Fixed assets are stated at their original cost of acquisition/installation adjusted by revaluation of certain fixed assets, net of accumulated depreciation, amortization and impairment losses, except freehold land which is carried at cost.

6. Expenditure During Construction Period

Expenditure during construction period are included under capital work in progress and the same is allocated to the respective fixed assets on the completion of the construction/erection/installation period.

7. Impairment Of Assets

The Management periodically assesses using external and internal sources whether there is any indication that an asset may be impaired. Impairment of an asset occurs where the carrying value exceeds the present value of cash flow expected to arise from the continuing use of the asset and its eventual disposal. The provision for impairment loss is made when recoverable amount of the asset is lower than the carrying amount.

8. Depreciation

(i) Tangible Assets

Depreciation is provided on the straight line method at the rates and in the manner specified in Schedule XIV to the Companies Act, 1956. Continuous process plants as defined therein have been taken on technical assessment and depreciation is provided accordingly. Depreciation on increase in value of fixed assets due to revaluation of fixed assets is computed on the basis of remaining useful life as estimated by the valuer on straight line method. Depreciation of Fixed Assets on which ownership belongs to KSTPS, Kota is amortised over the period of agreement.

(ii) Intangible Assets

(a) Mining right is amortized over the period of lease.

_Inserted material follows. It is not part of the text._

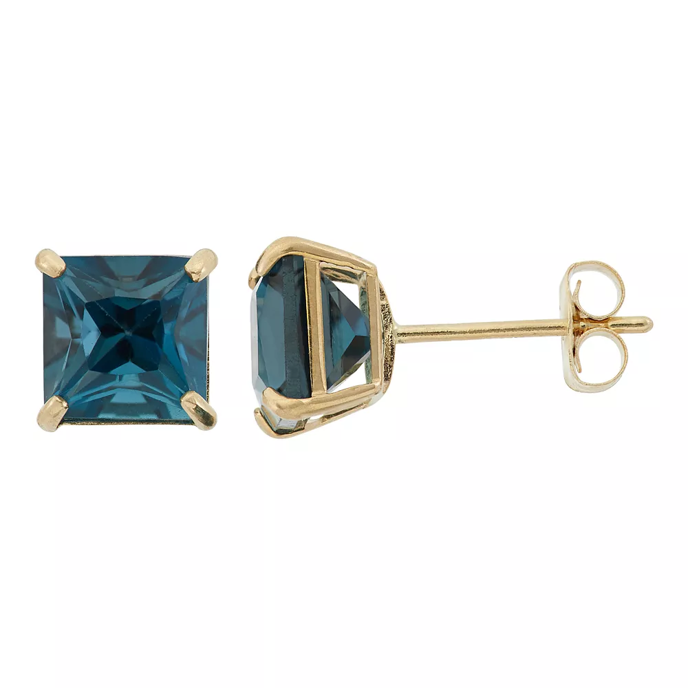 Princess-cut London blue topaz stones give these 10k gold earrings dazzling beauty.

(b) Computer software is amortised over a period of 5 years.

9. Employee Benefit

(i) Defined contribution plan:

Employee benefits in the form of superannuation fund, state governed provident fund scheme are defined contribution plan. The contribution under the scheme is recognised during the period in which the employee renders the related services.

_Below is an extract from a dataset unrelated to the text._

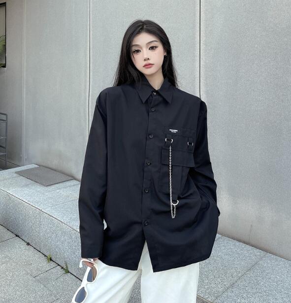 モード系シャツ 長袖 チェーン ビッグシルエット ゆめかわいい 奇抜 派手前開き トップス ダンス 衣装 ヒップホップ コスチューム 韓国ファッション 大きいサイズ 個性的 服 原宿系オーバーサイズ

(ii) Defined Benefit Plan:

The employees gratuity fund and leave encashment schemes are the companys defined benefit plan. The present value of the obligation under such defined benefit plan is determined based on actuarial valuation using the Projected Unit Credit Method.

10. Exchange Fluctuation

Foreign Currency transactions are recoded at the rate of exchange prevailing on the date of transactions. Foreign Currency Loans/Liabilities are restated at the rates prevailing at the year end. Exchange differences are adjusted in the Profit & Loss Account.

11. Government Grants

Government grants are accounted for where there is reasonably certainty that the ultimate collection will be made. Government grants of the nature of Project Subsidy are credited to Capital Reserve. Other Revenue grants are credited to Profit & Loss Account or deducted from related expenses.

12 Bonnwmg Costs

Interest and other costs in connection with the borrowing of the funds to the extent related/attributed to the acquisition/ construction of qualifying fixed assets are capitalised up to the date when such assets are ready for its intended use and other borrowing costs are charged to Profit & Loss Account.

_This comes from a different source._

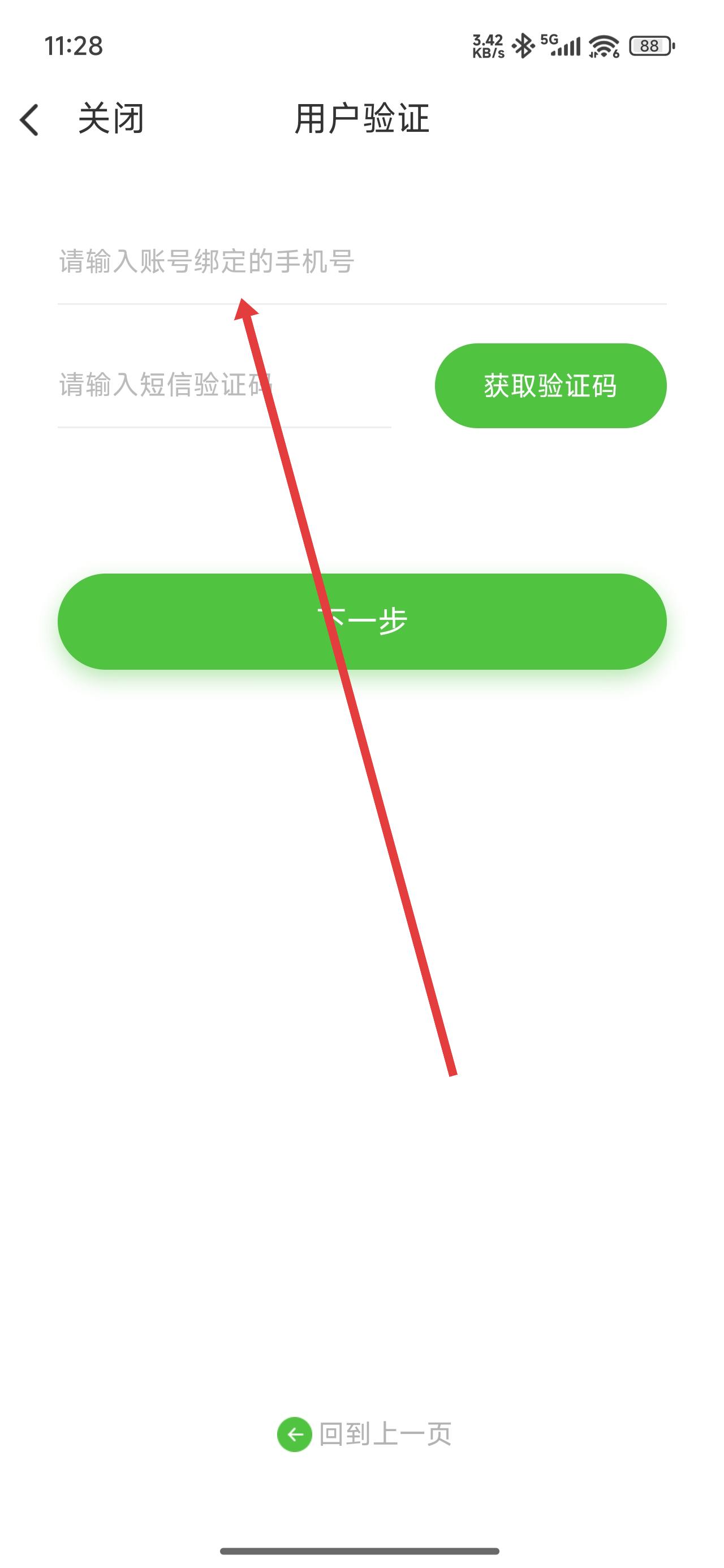 3、用户验证页在手机号输入框填写账号绑定的号码,准备获取验证码。

13 Provisions And Contingent liabilities Assets

Provision in respect of present obligations arising out of past events are made in the accounts when reliable estimate can be made of the amount of the obligations. Contingent liabilities, if material, are disclosed by way of notes to accounts. Contingent assets are not recognised or disclosed in the financial statements.

14 Taxation

Provision for current tax is made after taking into consideration benefits admissible under the provision of the Income Tax Act, 1961. Deferred tax resulting from "timing differences" between book and taxable profit for the year is accounted for using the tax rates and laws that have been enacted or substantially enacted as on the balance sheet date. The deferred tax assets is recognised as income and carried forward only to the extent there is a virtual certainty that the assets will be adjusted in future. Pursuant to the approval of the shareholders and Honble Rajasthan High Courts order dated 30th November, 2007 deferred tax liabilities from the year 2007-08 and onwards are met from Securities Premium Account as disclosed in note no. 4.